[Dataset records]

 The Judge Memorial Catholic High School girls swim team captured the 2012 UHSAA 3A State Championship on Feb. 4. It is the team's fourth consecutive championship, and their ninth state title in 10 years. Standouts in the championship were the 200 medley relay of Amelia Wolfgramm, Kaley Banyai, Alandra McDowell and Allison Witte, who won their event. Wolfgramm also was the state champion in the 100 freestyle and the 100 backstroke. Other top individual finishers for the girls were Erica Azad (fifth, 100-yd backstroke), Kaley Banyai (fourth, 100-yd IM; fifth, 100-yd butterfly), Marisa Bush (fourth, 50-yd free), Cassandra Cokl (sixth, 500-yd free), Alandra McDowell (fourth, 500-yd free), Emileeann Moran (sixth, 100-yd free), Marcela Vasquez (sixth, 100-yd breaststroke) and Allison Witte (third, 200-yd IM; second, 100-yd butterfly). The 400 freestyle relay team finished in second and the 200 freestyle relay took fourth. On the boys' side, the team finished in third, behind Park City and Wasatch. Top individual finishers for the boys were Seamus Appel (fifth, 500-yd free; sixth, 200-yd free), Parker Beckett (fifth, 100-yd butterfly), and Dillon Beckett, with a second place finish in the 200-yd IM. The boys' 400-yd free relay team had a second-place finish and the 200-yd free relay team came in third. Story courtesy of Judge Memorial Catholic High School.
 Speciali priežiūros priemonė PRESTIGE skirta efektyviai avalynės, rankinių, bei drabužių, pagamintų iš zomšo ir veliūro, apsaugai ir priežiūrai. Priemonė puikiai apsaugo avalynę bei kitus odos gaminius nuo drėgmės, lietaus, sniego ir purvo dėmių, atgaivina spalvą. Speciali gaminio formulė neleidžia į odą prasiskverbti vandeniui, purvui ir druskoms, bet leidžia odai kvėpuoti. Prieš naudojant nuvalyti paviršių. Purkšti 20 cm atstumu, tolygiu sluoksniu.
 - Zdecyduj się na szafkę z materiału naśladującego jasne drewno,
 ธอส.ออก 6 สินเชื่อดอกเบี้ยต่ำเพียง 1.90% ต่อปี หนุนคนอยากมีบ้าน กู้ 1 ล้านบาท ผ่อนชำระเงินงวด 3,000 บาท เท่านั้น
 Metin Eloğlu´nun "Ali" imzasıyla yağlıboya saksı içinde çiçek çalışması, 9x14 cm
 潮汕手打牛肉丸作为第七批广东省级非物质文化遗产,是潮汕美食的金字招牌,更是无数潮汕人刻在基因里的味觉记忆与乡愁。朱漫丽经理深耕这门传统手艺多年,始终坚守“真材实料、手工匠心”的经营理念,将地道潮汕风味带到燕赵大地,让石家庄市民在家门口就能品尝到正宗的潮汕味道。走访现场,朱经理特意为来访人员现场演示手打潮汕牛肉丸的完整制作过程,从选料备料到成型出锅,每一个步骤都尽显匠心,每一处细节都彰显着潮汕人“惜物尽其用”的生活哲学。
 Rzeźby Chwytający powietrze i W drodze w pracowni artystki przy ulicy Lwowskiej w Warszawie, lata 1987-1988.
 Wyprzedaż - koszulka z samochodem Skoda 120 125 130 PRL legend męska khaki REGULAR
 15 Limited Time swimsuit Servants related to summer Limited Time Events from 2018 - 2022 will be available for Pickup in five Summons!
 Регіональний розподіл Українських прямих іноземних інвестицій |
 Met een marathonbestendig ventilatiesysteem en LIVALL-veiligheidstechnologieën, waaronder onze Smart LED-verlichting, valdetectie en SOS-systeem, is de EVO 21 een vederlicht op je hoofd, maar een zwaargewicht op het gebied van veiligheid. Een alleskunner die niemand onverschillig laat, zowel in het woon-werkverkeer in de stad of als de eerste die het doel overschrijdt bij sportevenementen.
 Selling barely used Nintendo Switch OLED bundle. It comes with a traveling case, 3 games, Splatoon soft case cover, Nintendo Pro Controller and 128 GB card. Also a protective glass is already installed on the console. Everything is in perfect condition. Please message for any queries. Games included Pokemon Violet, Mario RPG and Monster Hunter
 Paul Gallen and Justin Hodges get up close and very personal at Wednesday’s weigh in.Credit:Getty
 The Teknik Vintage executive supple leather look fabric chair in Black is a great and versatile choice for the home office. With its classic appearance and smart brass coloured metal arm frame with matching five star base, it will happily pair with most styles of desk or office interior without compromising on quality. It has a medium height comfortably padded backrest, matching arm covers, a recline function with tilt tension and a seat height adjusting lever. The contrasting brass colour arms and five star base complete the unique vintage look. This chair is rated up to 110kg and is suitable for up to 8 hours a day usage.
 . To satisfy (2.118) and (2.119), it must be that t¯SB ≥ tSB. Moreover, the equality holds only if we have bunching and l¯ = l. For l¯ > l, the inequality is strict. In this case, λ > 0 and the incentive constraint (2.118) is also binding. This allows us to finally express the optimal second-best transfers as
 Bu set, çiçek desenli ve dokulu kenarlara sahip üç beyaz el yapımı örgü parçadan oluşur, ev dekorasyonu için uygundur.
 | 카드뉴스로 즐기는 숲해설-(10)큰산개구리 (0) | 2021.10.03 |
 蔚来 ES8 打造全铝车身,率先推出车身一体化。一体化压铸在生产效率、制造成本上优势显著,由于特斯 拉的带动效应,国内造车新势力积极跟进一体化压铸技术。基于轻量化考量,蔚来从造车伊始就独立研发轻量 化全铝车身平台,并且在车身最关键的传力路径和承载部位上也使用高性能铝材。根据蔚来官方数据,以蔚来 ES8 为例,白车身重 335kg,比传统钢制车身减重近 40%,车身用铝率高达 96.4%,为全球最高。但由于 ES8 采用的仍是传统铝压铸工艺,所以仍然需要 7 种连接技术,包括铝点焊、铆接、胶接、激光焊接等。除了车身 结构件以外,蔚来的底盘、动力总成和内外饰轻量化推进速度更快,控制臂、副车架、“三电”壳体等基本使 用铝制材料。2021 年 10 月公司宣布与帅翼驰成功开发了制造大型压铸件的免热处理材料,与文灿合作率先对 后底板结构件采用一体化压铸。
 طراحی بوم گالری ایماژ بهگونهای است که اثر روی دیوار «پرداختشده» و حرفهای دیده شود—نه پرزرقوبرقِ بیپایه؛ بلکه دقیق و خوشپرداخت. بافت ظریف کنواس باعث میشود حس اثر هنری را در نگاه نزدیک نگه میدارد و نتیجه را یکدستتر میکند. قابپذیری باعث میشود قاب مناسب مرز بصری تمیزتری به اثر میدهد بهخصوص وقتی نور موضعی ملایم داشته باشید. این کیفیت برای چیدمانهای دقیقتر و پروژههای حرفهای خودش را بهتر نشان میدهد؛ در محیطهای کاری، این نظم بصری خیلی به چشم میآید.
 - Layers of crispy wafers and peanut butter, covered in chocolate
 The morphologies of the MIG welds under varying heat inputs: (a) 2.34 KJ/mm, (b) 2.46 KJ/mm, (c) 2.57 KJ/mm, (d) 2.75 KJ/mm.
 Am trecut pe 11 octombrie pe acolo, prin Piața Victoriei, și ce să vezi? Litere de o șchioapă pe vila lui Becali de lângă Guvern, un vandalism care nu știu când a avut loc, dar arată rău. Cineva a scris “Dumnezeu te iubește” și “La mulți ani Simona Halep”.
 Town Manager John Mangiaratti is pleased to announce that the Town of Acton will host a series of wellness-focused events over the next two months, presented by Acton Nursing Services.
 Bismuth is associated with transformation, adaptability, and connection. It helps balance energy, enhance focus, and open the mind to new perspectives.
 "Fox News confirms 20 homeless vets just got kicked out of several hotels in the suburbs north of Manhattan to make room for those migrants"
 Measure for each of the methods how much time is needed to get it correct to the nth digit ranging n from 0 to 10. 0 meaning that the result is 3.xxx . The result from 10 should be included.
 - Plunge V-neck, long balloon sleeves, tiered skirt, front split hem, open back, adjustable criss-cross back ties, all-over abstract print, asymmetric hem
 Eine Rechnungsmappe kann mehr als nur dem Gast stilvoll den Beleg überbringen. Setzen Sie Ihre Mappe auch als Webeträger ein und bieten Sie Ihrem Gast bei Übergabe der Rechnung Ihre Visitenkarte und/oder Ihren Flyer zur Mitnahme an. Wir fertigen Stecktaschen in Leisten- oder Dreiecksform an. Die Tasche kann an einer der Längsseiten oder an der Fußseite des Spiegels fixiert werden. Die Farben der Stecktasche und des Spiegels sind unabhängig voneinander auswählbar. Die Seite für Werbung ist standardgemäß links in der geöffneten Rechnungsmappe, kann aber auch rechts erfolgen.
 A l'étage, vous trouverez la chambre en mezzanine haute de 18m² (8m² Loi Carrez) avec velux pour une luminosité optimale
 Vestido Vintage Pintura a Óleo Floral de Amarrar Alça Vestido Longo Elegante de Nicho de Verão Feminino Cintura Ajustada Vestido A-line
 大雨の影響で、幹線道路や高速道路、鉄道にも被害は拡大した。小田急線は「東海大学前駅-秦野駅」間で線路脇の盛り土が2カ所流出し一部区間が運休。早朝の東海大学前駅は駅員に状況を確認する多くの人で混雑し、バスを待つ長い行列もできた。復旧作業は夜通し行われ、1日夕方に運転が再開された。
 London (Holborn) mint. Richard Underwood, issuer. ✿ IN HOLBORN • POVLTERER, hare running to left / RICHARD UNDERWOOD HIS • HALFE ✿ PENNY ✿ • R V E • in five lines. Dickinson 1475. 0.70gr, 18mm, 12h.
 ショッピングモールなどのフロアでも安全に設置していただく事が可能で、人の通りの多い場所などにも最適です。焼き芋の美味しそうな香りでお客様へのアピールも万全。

__EXERCISE__:
Write out exactly the lines above between the line with "Vestido Vintage Pintura" and the line with "London (Holborn) mint.", inclusive, and nothing beyond them.

__ANSWER TO THIS EXERCISE__:
 Vestido Vintage Pintura a Óleo Floral de Amarrar Alça Vestido Longo Elegante de Nicho de Verão Feminino Cintura Ajustada Vestido A-line
 大雨の影響で、幹線道路や高速道路、鉄道にも被害は拡大した。小田急線は「東海大学前駅-秦野駅」間で線路脇の盛り土が2カ所流出し一部区間が運休。早朝の東海大学前駅は駅員に状況を確認する多くの人で混雑し、バスを待つ長い行列もできた。復旧作業は夜通し行われ、1日夕方に運転が再開された。
 London (Holborn) mint. Richard Underwood, issuer. ✿ IN HOLBORN • POVLTERER, hare running to left / RICHARD UNDERWOOD HIS • HALFE ✿ PENNY ✿ • R V E • in five lines. Dickinson 1475. 0.70gr, 18mm, 12h.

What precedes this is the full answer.